[Work task] Each entry that follows should be set down precisely, with its pictures removed.

[Dataset excerpts]
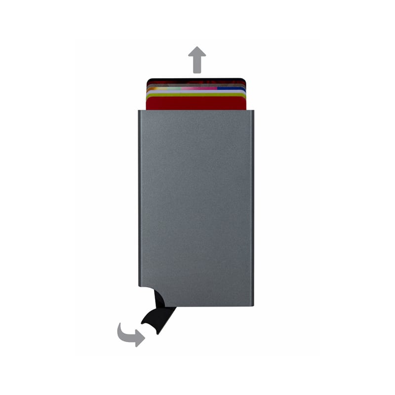 Wally is a secure (credit) card holder for the minimalists. It offers room for up to 6 cards and has integrated RFID protection technology to keep your cards and personal information safe from RF readers or mobile apps capable of electronic theft. No more bending and breaking. With smart entry cards and digital payment technologies like Paywave, Apple Pay, Samsung Pay, Wechat Pay taken by storm, this is the only wallet you will need in the near future! Material: Aluminium.
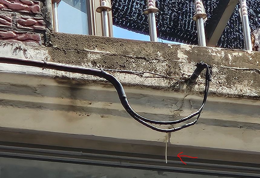 저곳을 어떻게 처리해야 하는지요? 일단 한전에 문의는 해놨지만 검색해보니 전기업자를 불러야 하는 거 같습니다. 그런데 관이 벽에 아예 들어가 있어서 관의 각도를 조절하긴 어려워 보입니다. 빗물이 주입되지 않도록 저기에 실리콘 같은 걸 쏴야 하는지요?
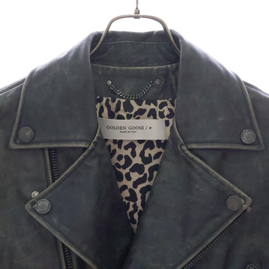 [モデル]裏地レオパード ダブルレザーライダース ジャケット ブラック GMP00297
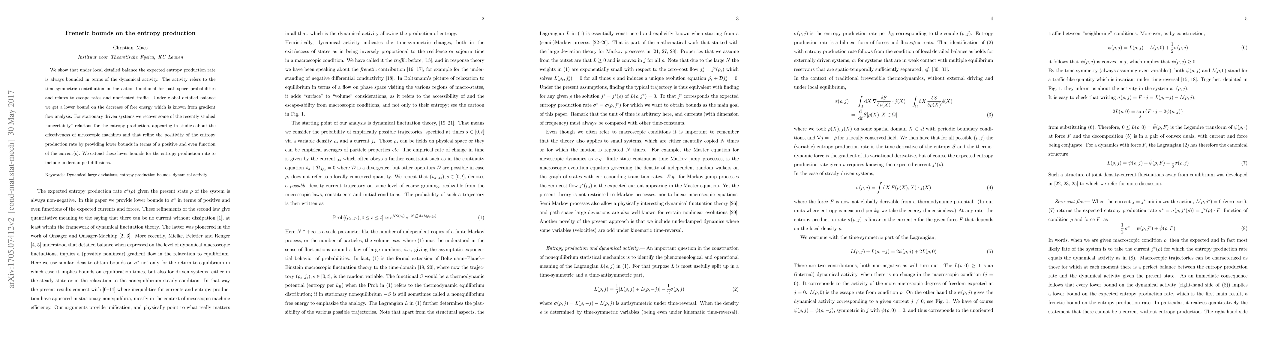 We show that under local detailed balance the expected entropy production rate is always bounded in terms of the dynamical activity. The activity refers to the time-symmetric contribution in the action functional for path-space probabilities and relates to escape rates and unoriented traffic. Under global detailed balance we get a lower bound on the decrease of free energy which is known from gradient flow analysis. For stationary driven systems we recover some of the recently studied "uncertainty" relations for the entropy production, appearing in studies about the effectiveness of mesoscopic machines and that refine the positivity of the entropy production rate by providing lower bounds in terms of a positive and even function of the current(s). We extend these lower bounds for the entropy production rate to include underdamped diffusions.
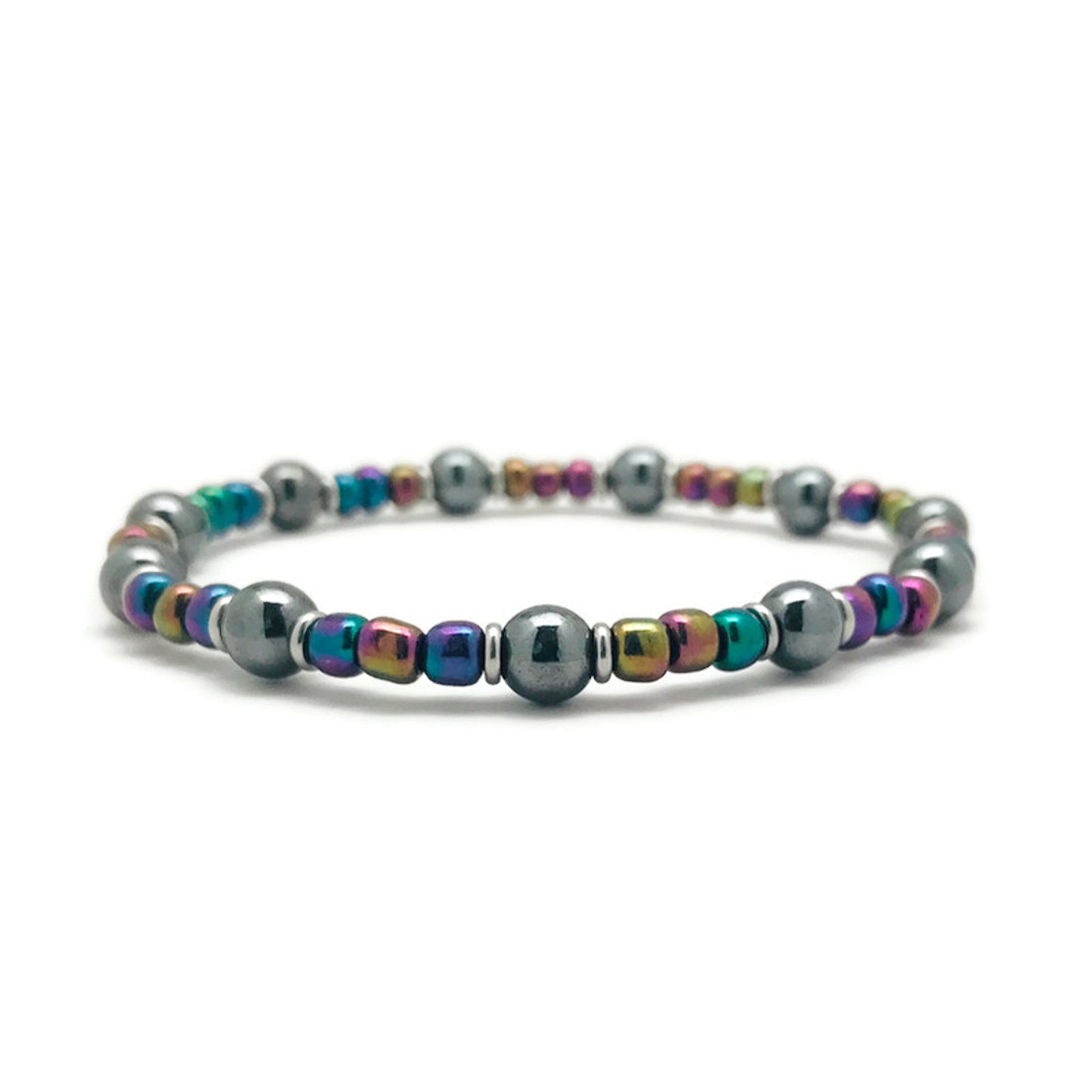 This metallic rainbow hematite beaded bracelet is a showstopper! It is crafted using non magnetic small natural hematite beads in beautiful metallic colors.  The larger beads are iridescent black which are complimented with small silver stainless steel discs. Hematite is a natural mineral known for its grounding properties. Some believe wearing it helps to calm your mind so you can focus on the day or tasks at hand. Since hematite is made from the earth, each bracelets color pattern will vary slightly. Your bracelet will ship in a classy teal satin pouch. Great for storage or ready to gift to a special man or woman in your life.
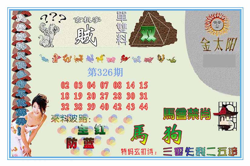 323期:【另版跑狗】开龙14 跑狗九肖:羊鼠鸡兔虎蛇狗马猴 跑狗七肖:羊鼠鸡兔虎蛇狗 跑狗五肖:羊鼠鸡兔虎 跑狗三肖:羊鼠鸡 12码:38 31 19 44 11 04 33 27 05 23 14 37 | ||
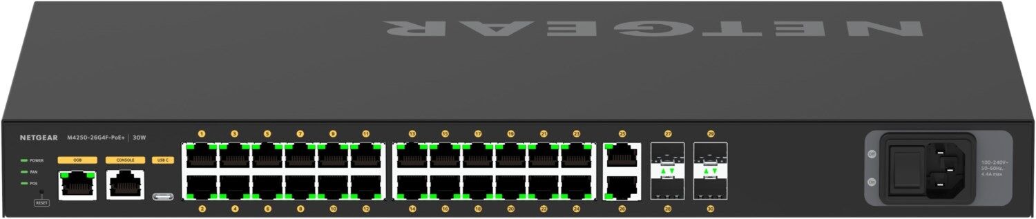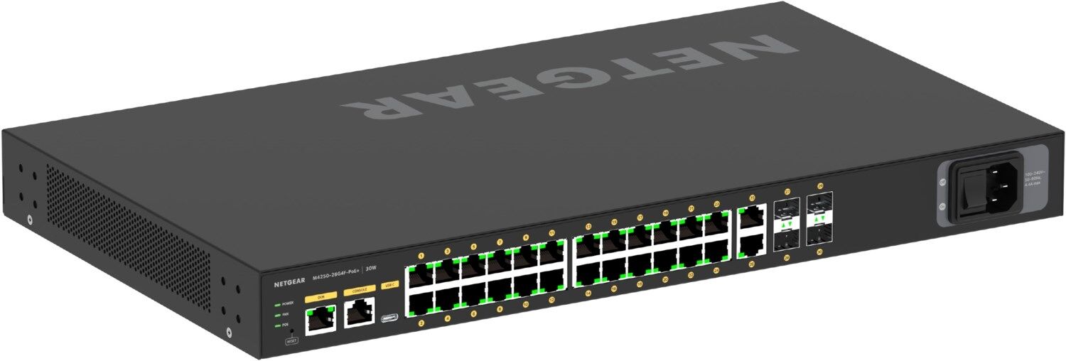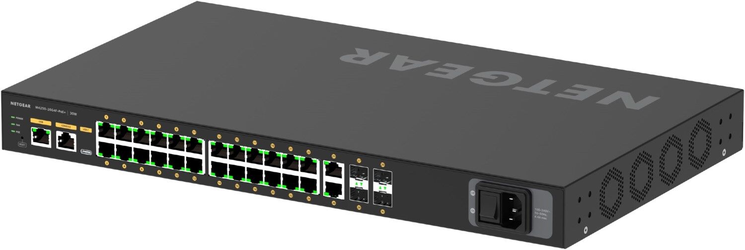 26 Gigabit Ethernet Ports 10/100/1000 RJ45 (24 PoE+ 802.3at Ports (300W Total Budget)), 4 SFP 1000BASE-X Fiber Ports
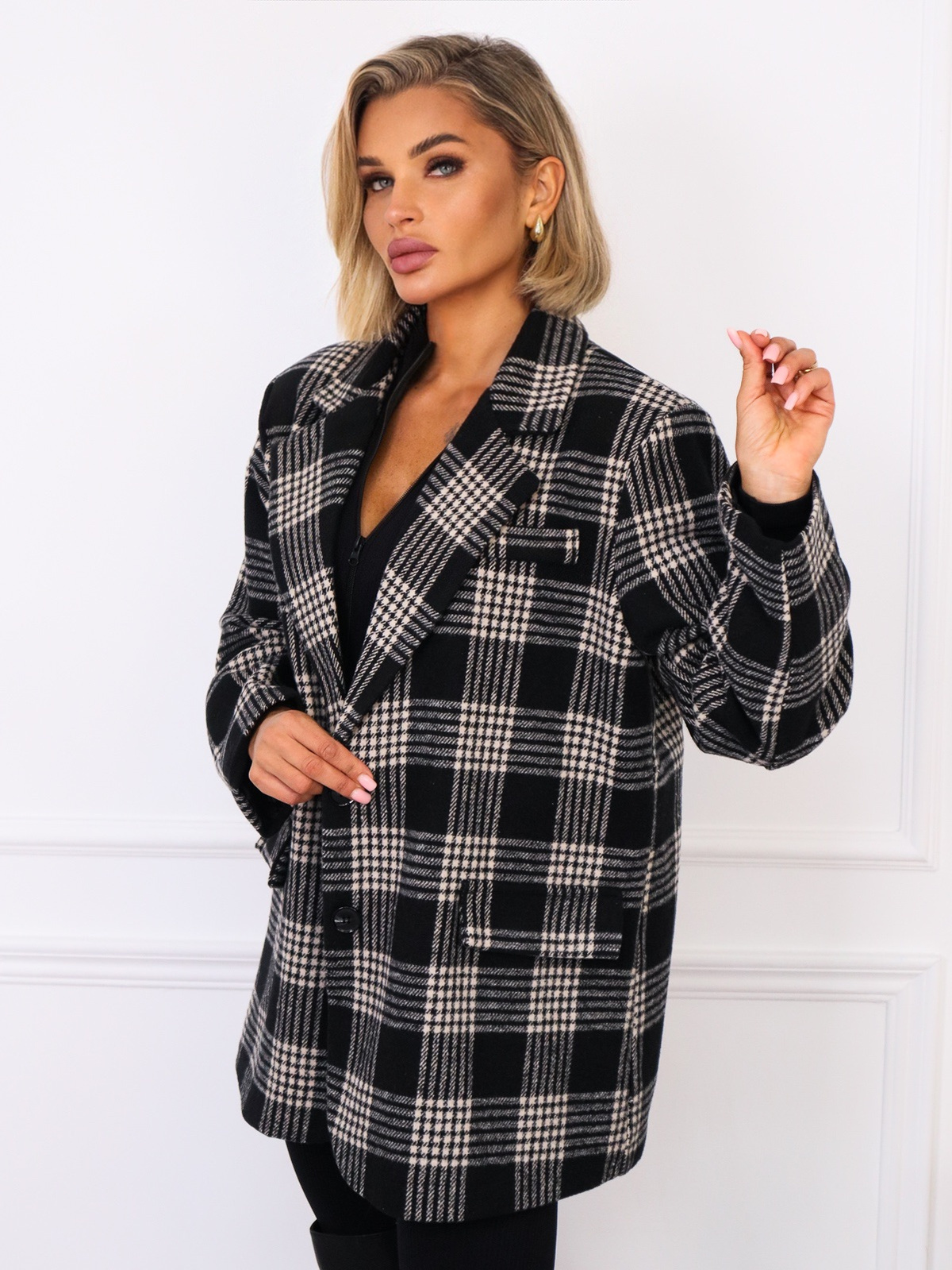 PŁASZCZ MARYNARKA ZAPINANY NA GUZIKI W KRATĘ- CZARNY
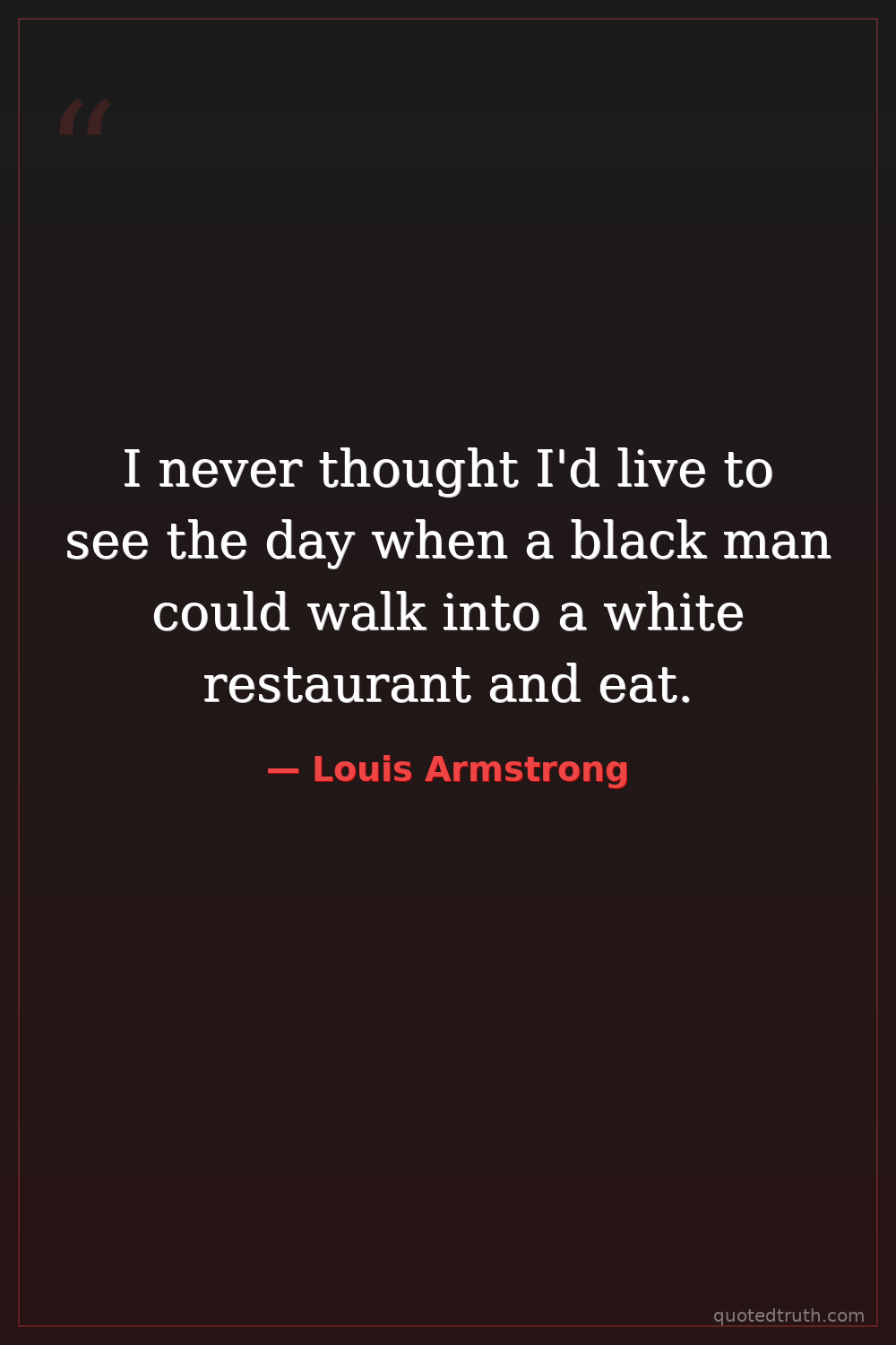I never thought I'd live to see the day when a black man could walk into a white restaurant and eat.
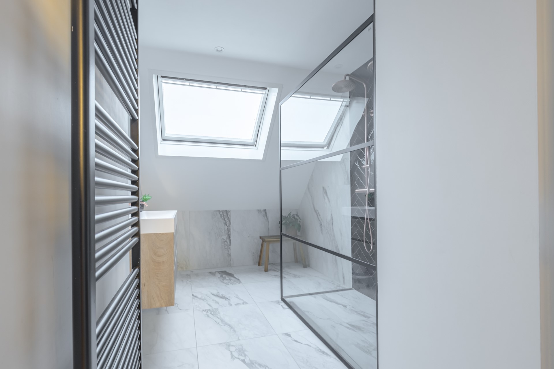 Daarnaast is er een ruime extra slaapkamer die perfect kan functioneren als logeer-, werk- of hobbykamer. Door de ruimte en hoogte voelt de verdieping licht en ruimtelijk aan.
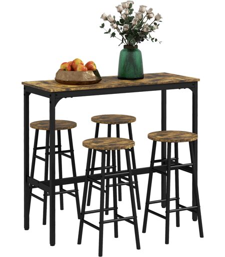 Homcom Set Tavolo e Sedie 5 Pezzi con 4 Sgabelli con Poggiapiedi e Tavolo Rettangolare, Nero e Marrone Aosom

[Exercise response]
 Wally is a secure (credit) card holder for the minimalists. It offers room for up to 6 cards and has integrated RFID protection technology to keep your cards and personal information safe from RF readers or mobile apps capable of electronic theft. No more bending and breaking. With smart entry cards and digital payment technologies like Paywave, Apple Pay, Samsung Pay, Wechat Pay taken by storm, this is the only wallet you will need in the near future! Material: Aluminium.
 저곳을 어떻게 처리해야 하는지요? 일단 한전에 문의는 해놨지만 검색해보니 전기업자를 불러야 하는 거 같습니다. 그런데 관이 벽에 아예 들어가 있어서 관의 각도를 조절하긴 어려워 보입니다. 빗물이 주입되지 않도록 저기에 실리콘 같은 걸 쏴야 하는지요?
 [モデル]裏地レオパード ダブルレザーライダース ジャケット ブラック GMP00297
 We show that under local detailed balance the expected entropy production rate is always bounded in terms of the dynamical activity. The activity refers to the time-symmetric contribution in the action functional for path-space probabilities and relates to escape rates and unoriented traffic. Under global detailed balance we get a lower bound on the decrease of free energy which is known from gradient flow analysis. For stationary driven systems we recover some of the recently studied "uncertainty" relations for the entropy production, appearing in studies about the effectiveness of mesoscopic machines and that refine the positivity of the entropy production rate by providing lower bounds in terms of a positive and even function of the current(s). We extend these lower bounds for the entropy production rate to include underdamped diffusions.
 This metallic rainbow hematite beaded bracelet is a showstopper! It is crafted using non magnetic small natural hematite beads in beautiful metallic colors.  The larger beads are iridescent black which are complimented with small silver stainless steel discs. Hematite is a natural mineral known for its grounding properties. Some believe wearing it helps to calm your mind so you can focus on the day or tasks at hand. Since hematite is made from the earth, each bracelets color pattern will vary slightly. Your bracelet will ship in a classy teal satin pouch. Great for storage or ready to gift to a special man or woman in your life.
 323期:【另版跑狗】开龙14 跑狗九肖:羊鼠鸡兔虎蛇狗马猴 跑狗七肖:羊鼠鸡兔虎蛇狗 跑狗五肖:羊鼠鸡兔虎 跑狗三肖:羊鼠鸡 12码:38 31 19 44 11 04 33 27 05 23 14 37 | ||
 26 Gigabit Ethernet Ports 10/100/1000 RJ45 (24 PoE+ 802.3at Ports (300W Total Budget)), 4 SFP 1000BASE-X Fiber Ports
 PŁASZCZ MARYNARKA ZAPINANY NA GUZIKI W KRATĘ- CZARNY
I never thought I'd live to see the day when a black man could walk into a white restaurant and eat.
 Daarnaast is er een ruime extra slaapkamer die perfect kan functioneren als logeer-, werk- of hobbykamer. Door de ruimte en hoogte voelt de verdieping licht en ruimtelijk aan.
 Homcom Set Tavolo e Sedie 5 Pezzi con 4 Sgabelli con Poggiapiedi e Tavolo Rettangolare, Nero e Marrone Aosom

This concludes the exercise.